[Available data — start]

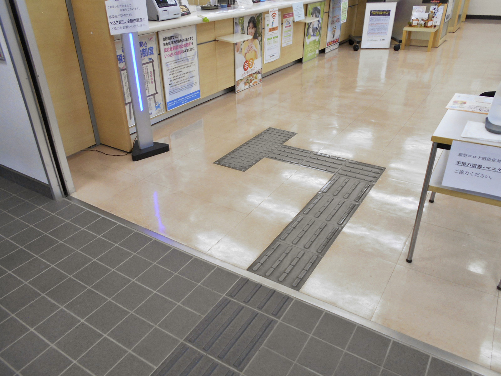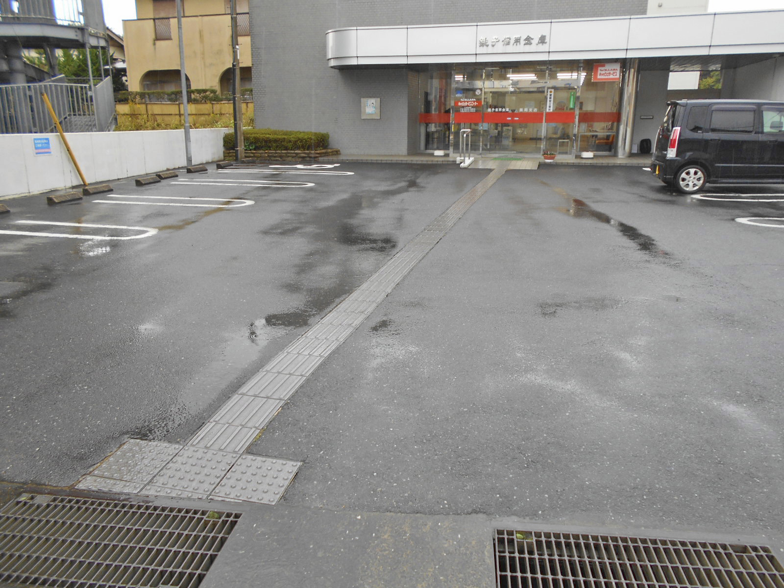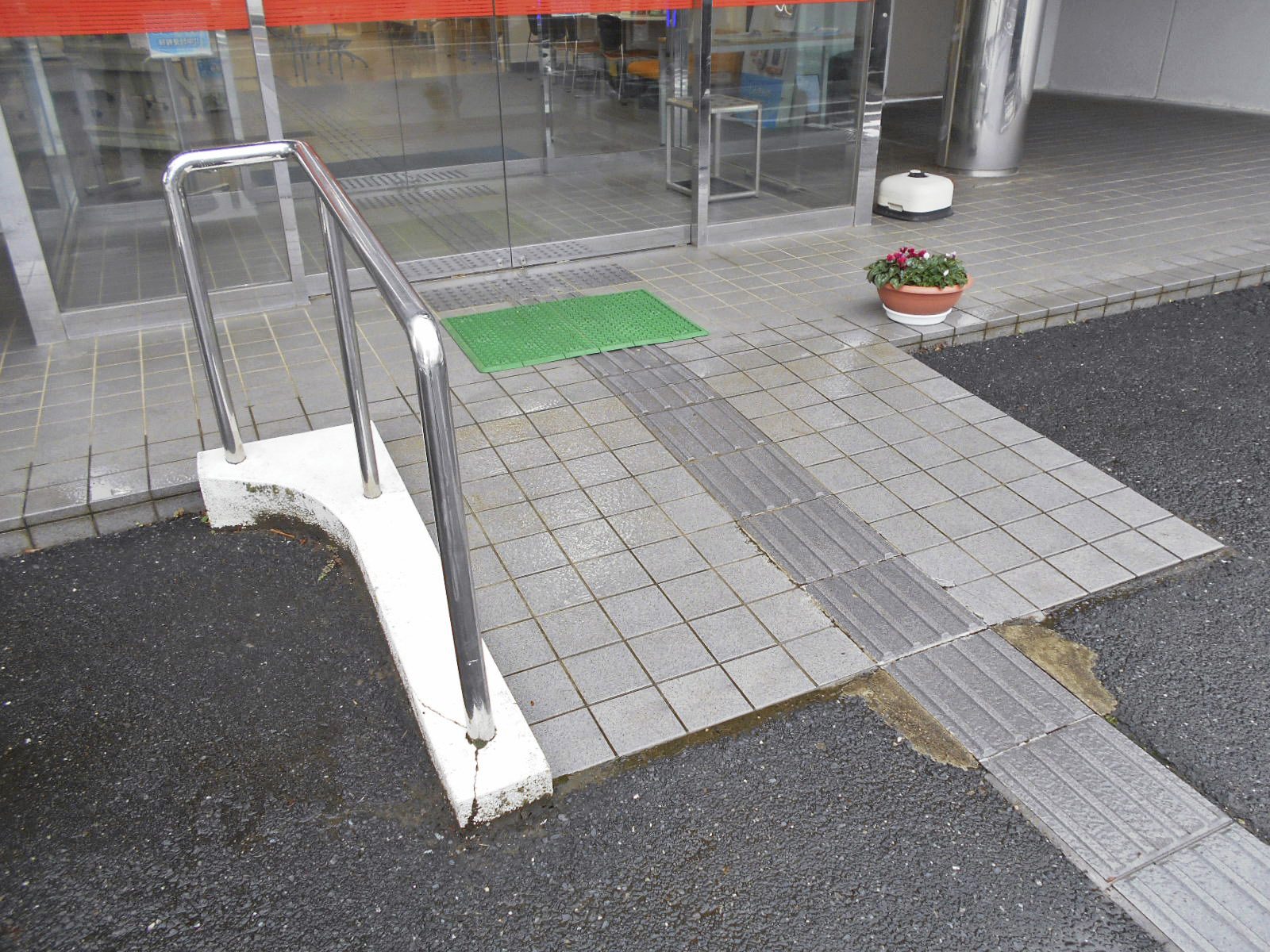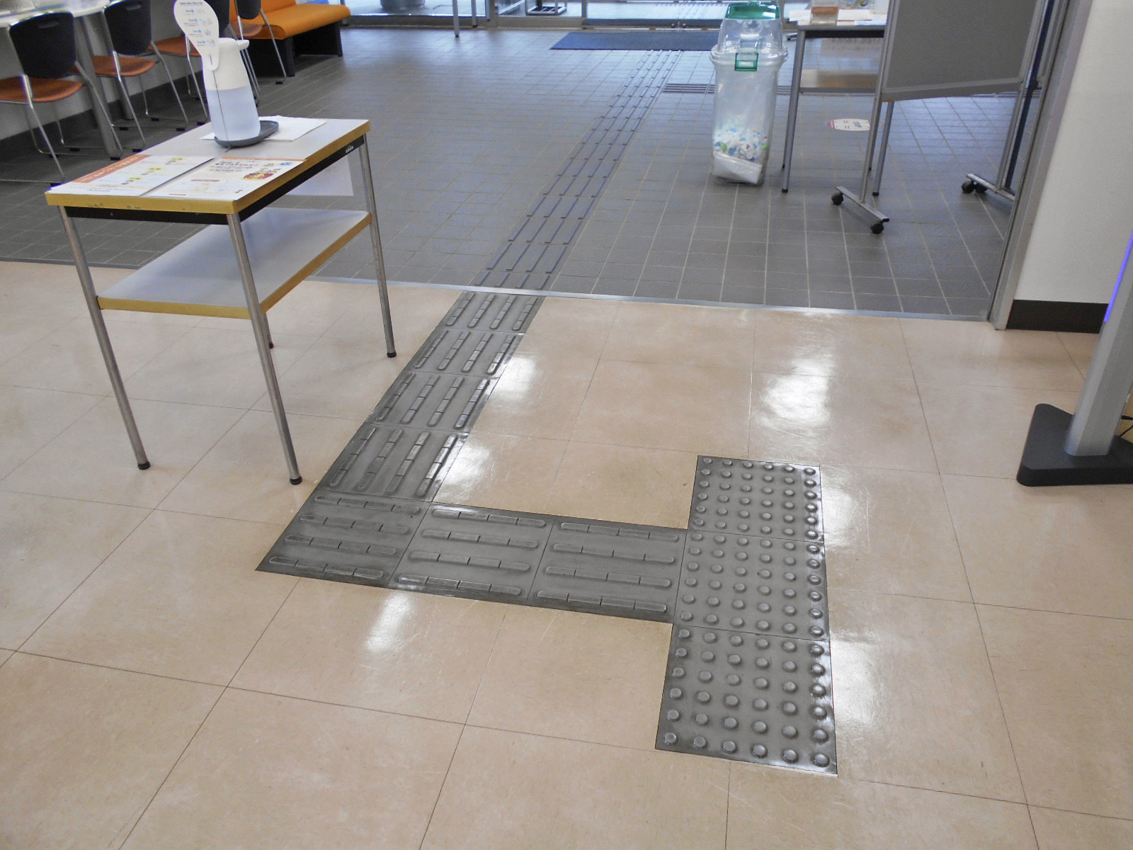 歩道から出入口までに視覚障害者誘導用ブロックがある
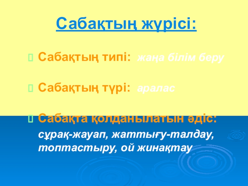 Сабақтың жүрісі:Сабақтың типі: жаңа білім беру Сабақтың түрі: аралас Сабақта қолданылатын әдіс:  сұрақ-жауап, жаттығу-талдау, топтастыру, ой
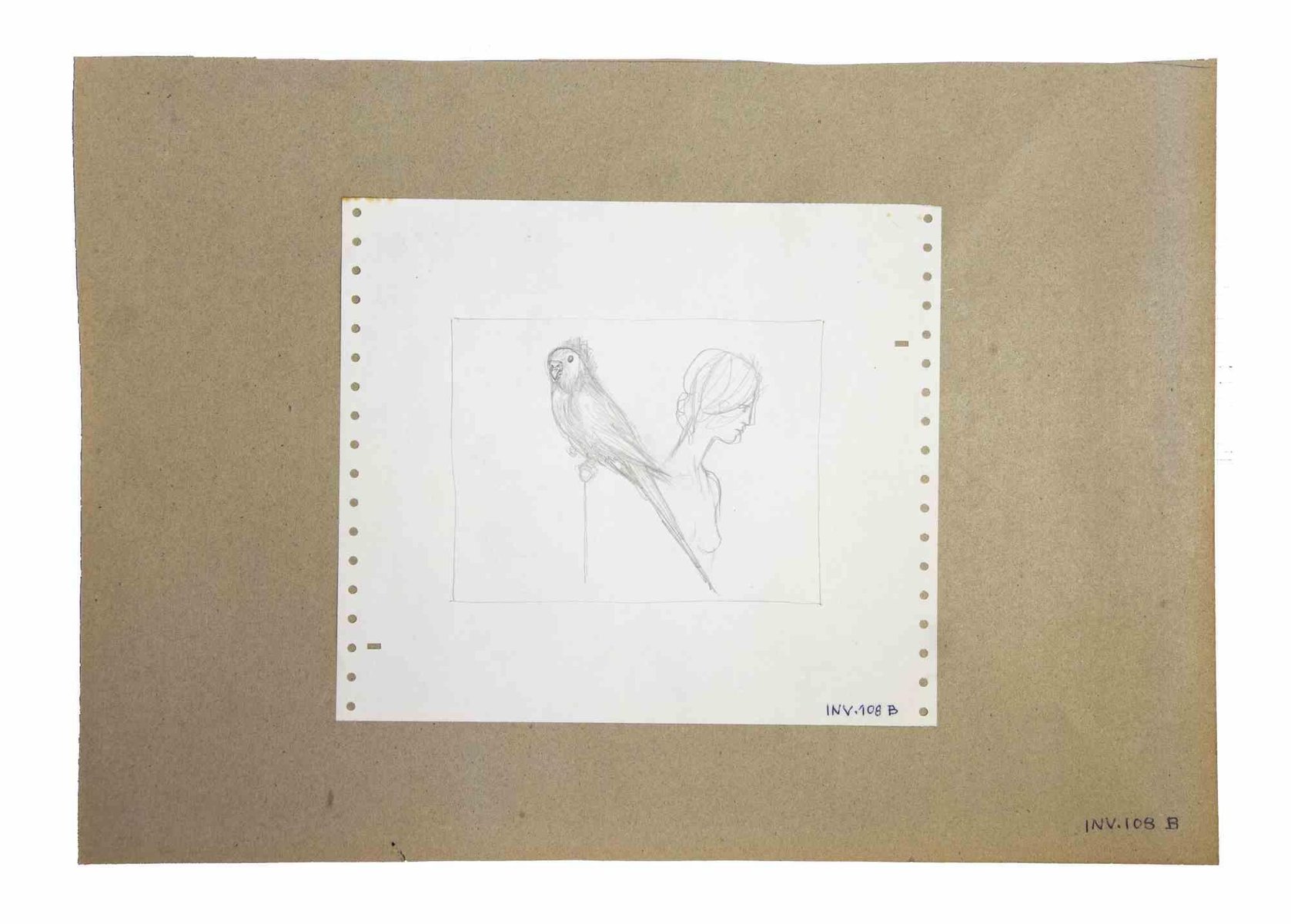 Leo Guida, The Nude and Parrot, Original Drawing, 1970s
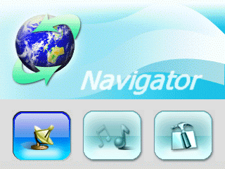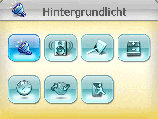 Bevor man in das Hauptmenü des Falk Navigator kommt, begrüßt einen ein weiterer Bildschirm. Hier kann der integrierte MP3-Player oder die Navigationsanwendung gestartet und folgende Grundeinstellungen verändert werden:
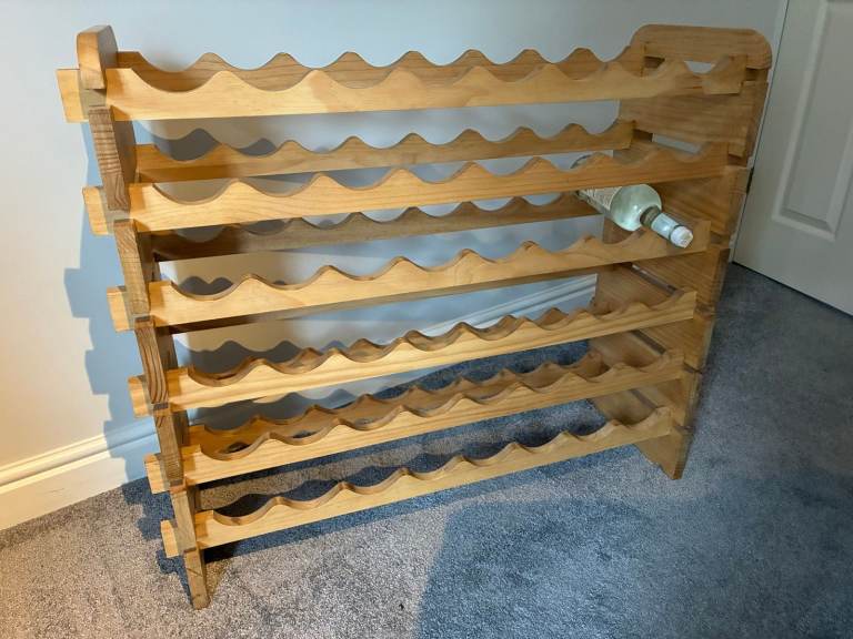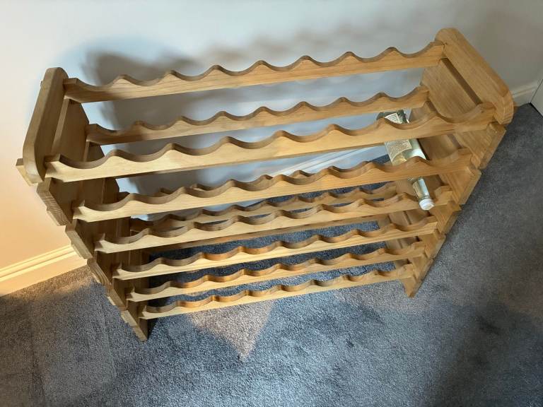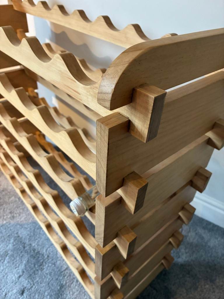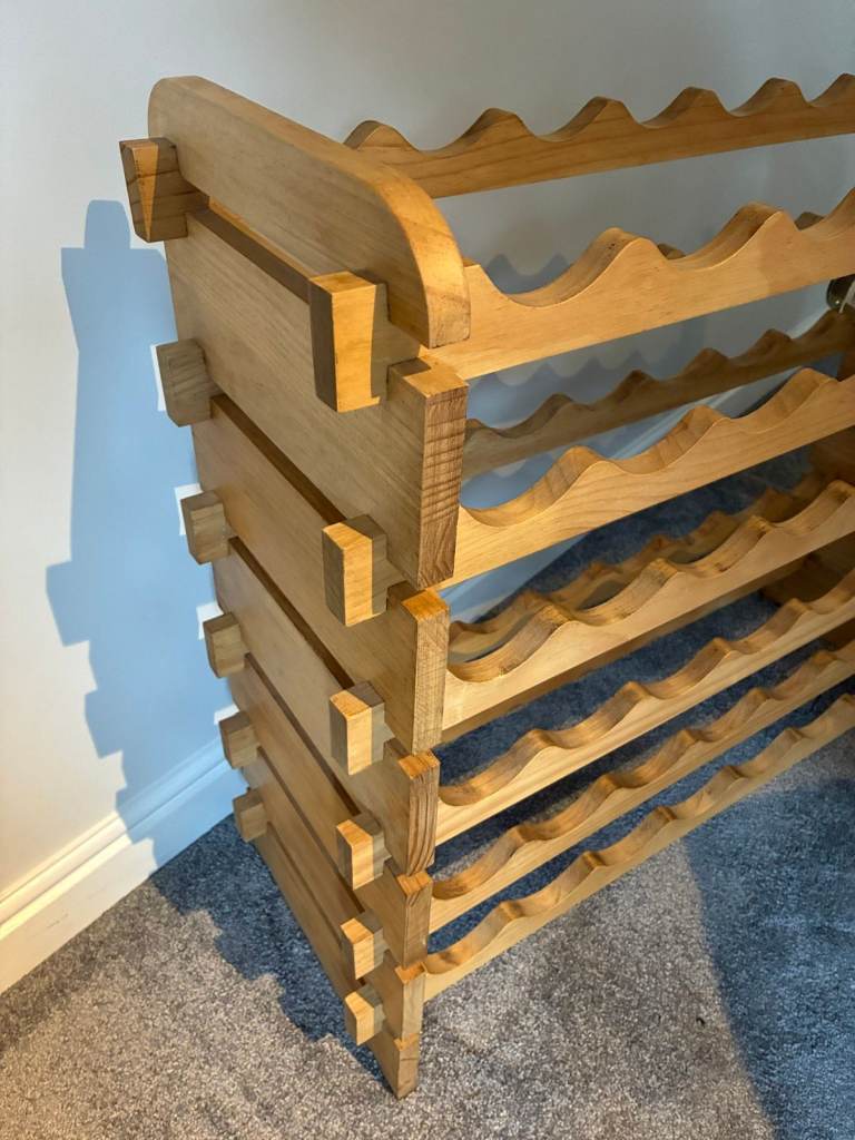 Solid wood wine rack, has been carefully sanded and then finished in wood wax to protect.

[Available data — finish]

- _What needs to be done_
Reproduce the material above exactly, first line through the line that contains "Leo Guida, The", minus the pictures.

- _Result_
 歩道から出入口までに視覚障害者誘導用ブロックがある
 Сабақтың жүрісі:Сабақтың типі: жаңа білім беру Сабақтың түрі: аралас Сабақта қолданылатын әдіс:  сұрақ-жауап, жаттығу-талдау, топтастыру, ой
 Leo Guida, The Nude and Parrot, Original Drawing, 1970s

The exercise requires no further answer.